[Data excerpt Boundary: Start]
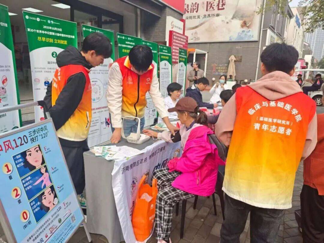 青春脚步丈量社区,专业知识服务百姓。近日,临床与基础医学院“健康使者”大学生社会实践服务团,联合附属省立医院专家团队以及槐荫区卫生健康委员会,走进槐荫区印象济南商圈党群服务中心,持续开展以“中风识别与预防”为主题的“医心呵护”爱心义诊活动。
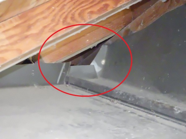 侵入場所を調査すると、屋根と建物の継ぎ目に侵入できるすき間を発見。
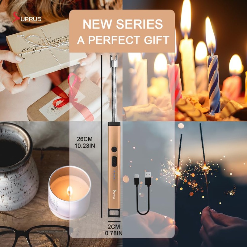 SUPRUS - Encendedor de vela recargable con arco eléctrico, triple seguridad, carcasa de acero inoxidable y gancho para colgar
[Data excerpt Boundary: End]
# Task item:
Everything in the material above is to be reproduced exactly, pictures aside.

# Reply:
 青春脚步丈量社区,专业知识服务百姓。近日,临床与基础医学院“健康使者”大学生社会实践服务团,联合附属省立医院专家团队以及槐荫区卫生健康委员会,走进槐荫区印象济南商圈党群服务中心,持续开展以“中风识别与预防”为主题的“医心呵护”爱心义诊活动。
 侵入場所を調査すると、屋根と建物の継ぎ目に侵入できるすき間を発見。
 SUPRUS - Encendedor de vela recargable con arco eléctrico, triple seguridad, carcasa de acero inoxidable y gancho para colgar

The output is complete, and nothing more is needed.